Stay Off the Fence!

Luke Fence

“Do not set foot on the path of the wicked or walk in the way of evildoers.” Proverbs 4:24 NIV


In the late 80’s, we turned a dreary unused parking lot behind our downtown church in Abilene into a lovely courtyard and children’s playground with tall, modular slides and climbing equipment for the boys and girls to play on. A beautiful ten-foot brick wall securely enclosed the entire area, preventing children from running into the nearby busy street.
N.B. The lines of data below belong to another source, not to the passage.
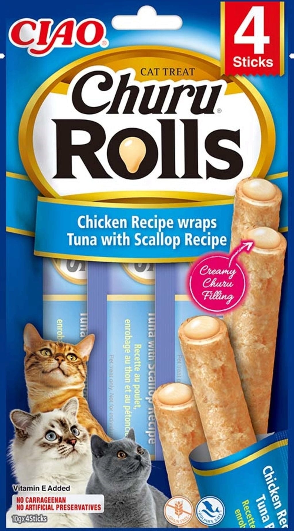 Churu Rolls 4x10 g, Wraps de poulet au thon et aux noix de Saint-Jacques (40 g)
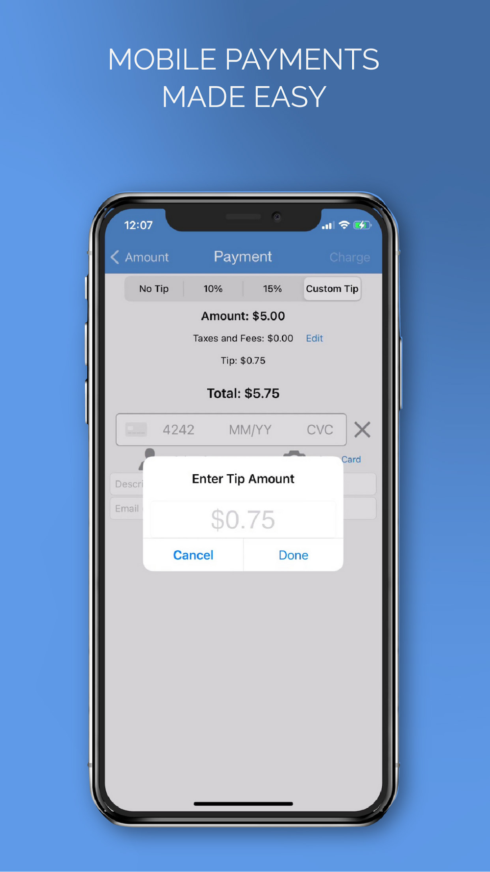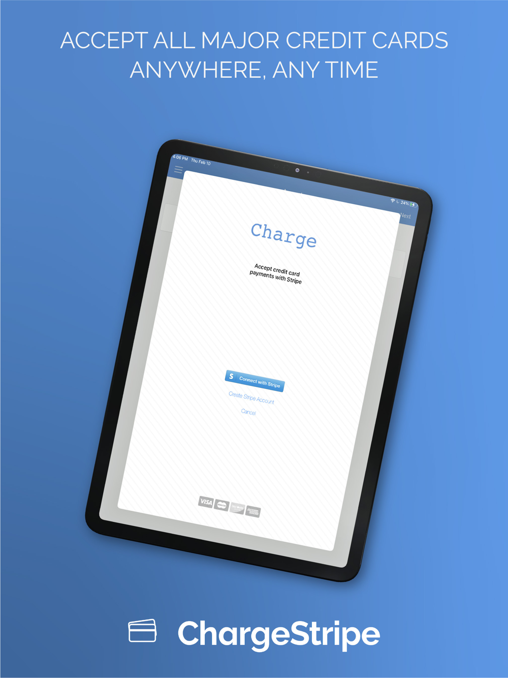 ChargeStripe allows you to accept credit card payments anywhere you go.
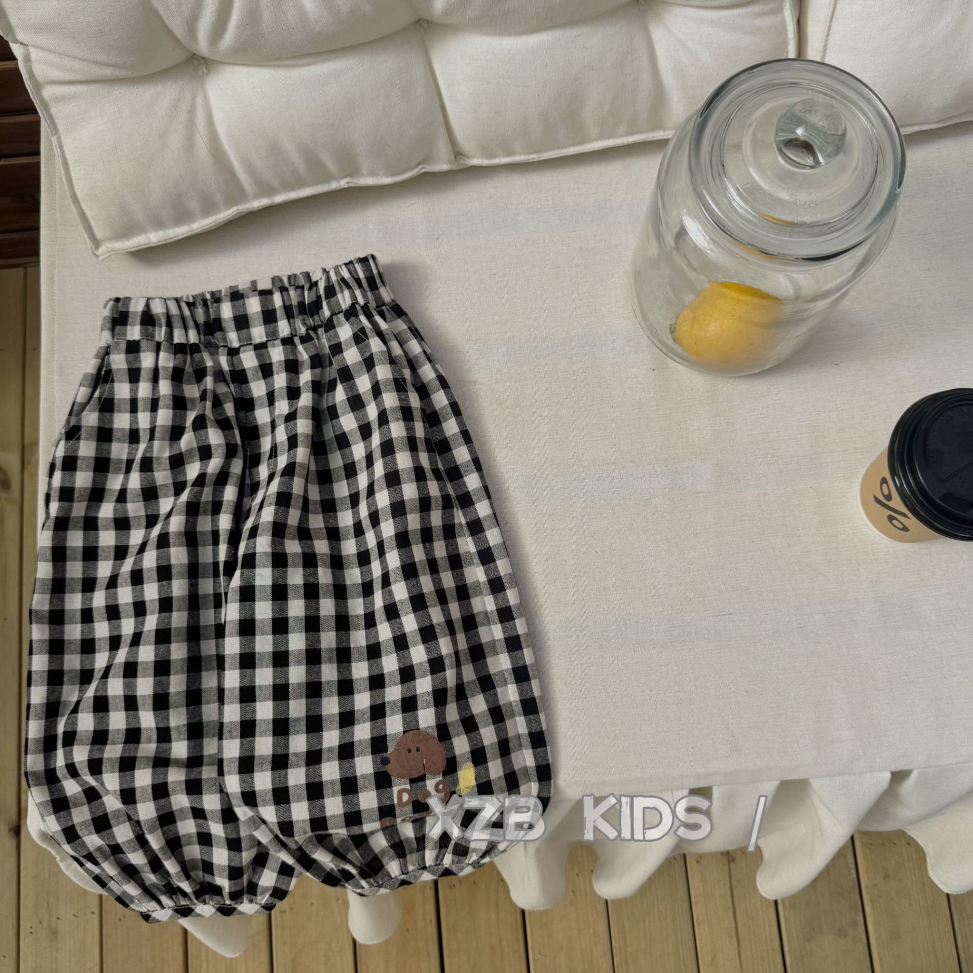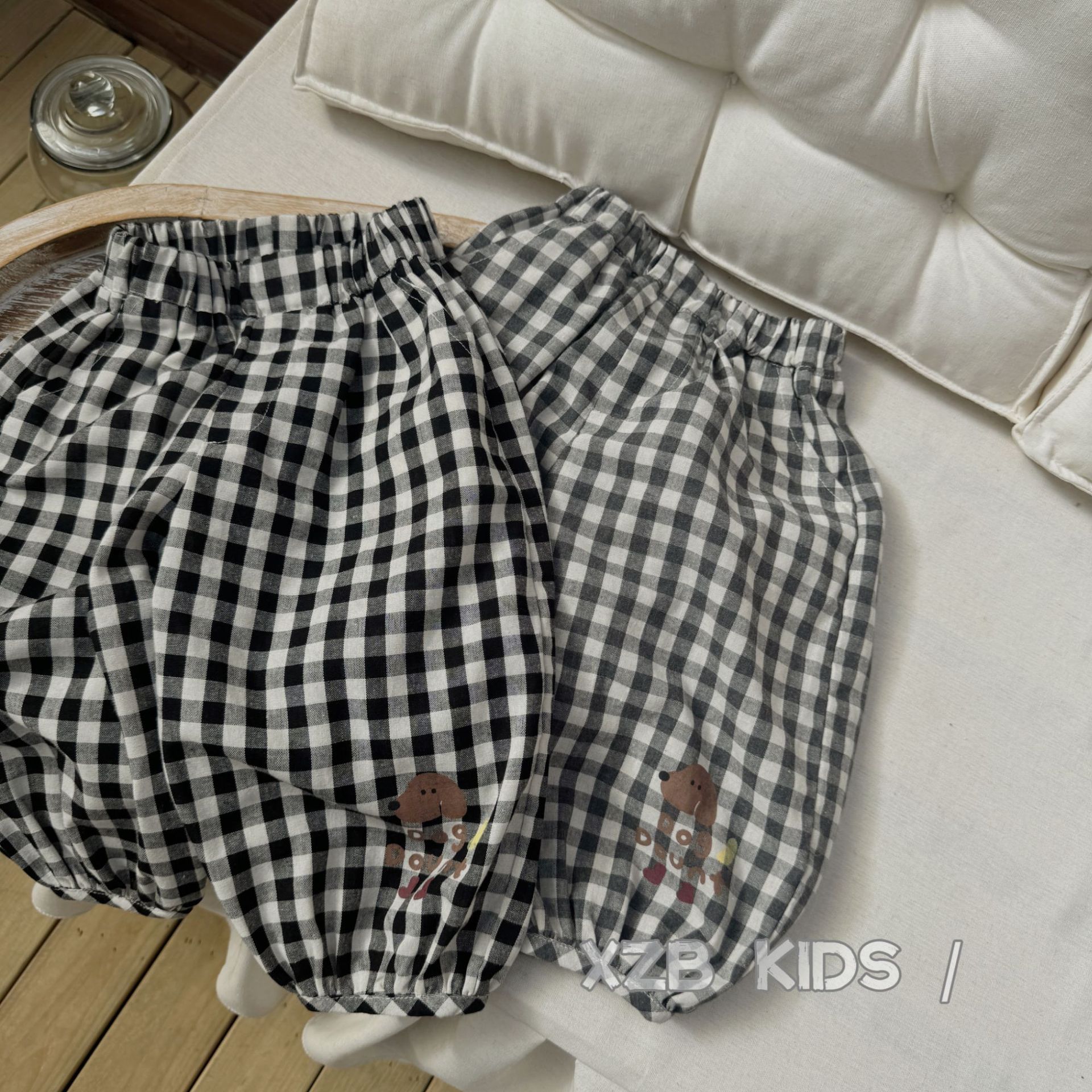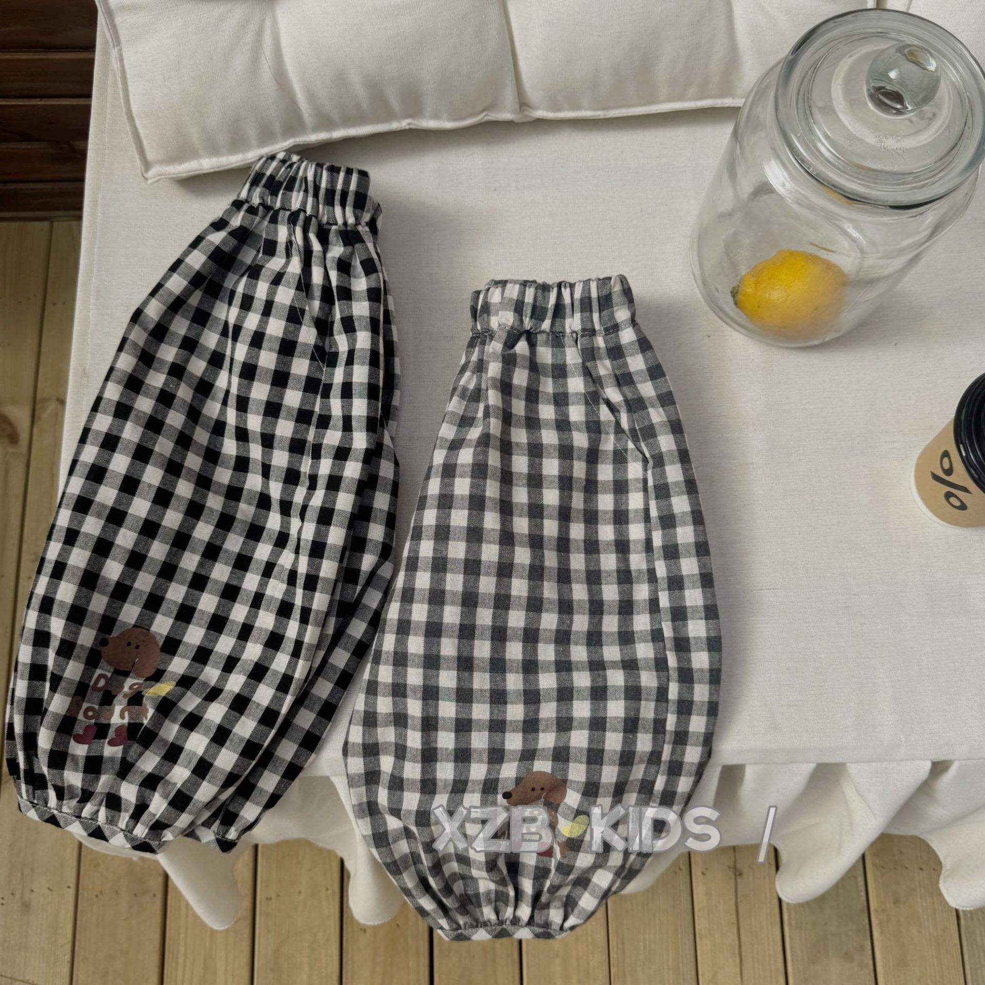 2025 새로운 어린이 격자 무늬 안티 모기 바지 소년 소녀를위한 얇은 여름 바지 한국 유행 아기 블루머스토어 가기
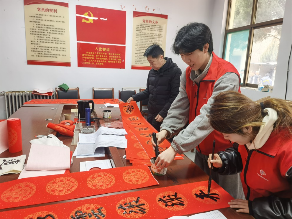 腊八节过后,春节的序幕缓缓拉开。冬日的转角沟村,苍山残雪,薄雾袅袅。虽然寒气清冽彻骨,但是丝毫没有抵挡住志愿者们的服务热情。到达目的地,志愿者们顾不上休息,第一时间便开始裁纸铺宣,倒墨润笔。挥毫列锦绣,落纸如云烟,不到一会儿工夫,便洋洋洒洒书写了上百副春联,村民们纷纷点赞,感谢志愿者们为他们送来的新春祝福。

One Wednesday night as Grant and I sat in Fellowship Hall visiting with friends, our 5-year-old son Drew slipped out the back door, down the stairs and onto the playground to play – alone. Thankfully, a few minutes later, one of the dads saw him and quickly rushed to rescue him from certain disaster. Drew, our “climber”, had crawled over the upper peak of the tornado slide and somehow (it still makes me catch my breath) maneuvered himself to the TOP of the brick wall, and was walking it like a tight rope. I’m glad he was down and safe before I knew what had happened!

As a child and teenager, I was guilty of a different kind of fence walking. Many times when an adult gave me a rule, I’d feel challenged to see just how close I could get to the line of demarcation, without crossing over and breaking the rule. Often I walked on the line because I was only told I couldn’t cross the line. With one wrong move, my reckless attitude could have been as dangerous as if Drew had taken a wrong step on that playground wall!

The very first rule God gave Adam and Eve in the garden was that they could not eat the fruit from the tree of knowledge of good and evil. They were told not to even touch it (Gen.3:3). The closer we get to sin, the easier it is for temptation to win us over. The devil is alive and well, whispering “the grass is greener on the other side”. When you try to walk the non-existent line between good and evil, it’s easy to lose your balance and fall in!

Children are curious…or ornery like I was, and naturally want to get close to things that are forbidden. The reality is, your authority won’t always be enough to keep them safely under your umbrella of protection. Keep the lines of communication open. Stay involved in their lives – even when they try to push you out. Know who their friends are. Get to know the parents of their friends. Monitor their activities. Stand your ground and never compromise principles. Pray without ceasing. Love them unconditionally. And for those times they make it to the top of the fence anyway…be close enough to help catch them when they fall.


Prayer: Heavenly Father, thank You for protecting me when I  made bad choices as a teenager. Please keep my children safe and help me know how to guide them without pushing them into rebellion. In Jesus’ Name, Amen.

Who Do You Call?

“The Lord is my light and my salvation; Whom shall I fear? The Lord is the defense of my life; Whom shall I dread?”

Psalm 27:1 NIV


It was early January, and the kids were still out of school for Christmas break. Grant and I had to go back to work. Mid-afternoon one day, I received a frantic call from my oldest daughter, Gwen, telling me I had to come home immediately because the police were on the way to our house. Apparently sibling rivalry had run amuck with no parents at home to referee our two preteen girls, and a great shouting match had erupted. Drew, having just learned how to handle emergencies, did what any concerned 5-year-old might do. He called 9-1-1 and said, “Help! My sisters are fighting!” And then he hung up.

Unfortunately for Gwen and Shannon, the Abilene Police Department had caller ID and they immediately called back to assess the problem. Gwen’s quick hang-up was probably not the best response to make. Needless to say, we were properly embarrassed when our house was listed in the Abilene Reporter News police notes as “Call for domestic violence”.

The fact is, life gives us plenty of reasons to need someone we can call on for help — and 9-1-1 won’t be the answer. Our children need to know we are a safe and trustworthy sounding board for them. When they are hurt or afraid, those feelings are their reality and must be respected and taken seriously. If we dismiss their fears, criticize them, or even worse…ridicule them, we are not the protectors they need us to be.

Listen to your child. Never make fun of their thoughts or concerns. Walk alongside them through their “crisis”, and help them find ways to solve their problem. Pray with them and teach them to pray for themselves. Remind them God will always be with them, even when you can’t be.


PrayerGod, I am so grateful! You are a BIG God and You watch over my children even when I’m not around. I ask You to keep them free from fear and help them trust in You for their protection. Help me be a trustworthy confidante for them, always listening and never judgmental. In Jesus’ Name, Amen.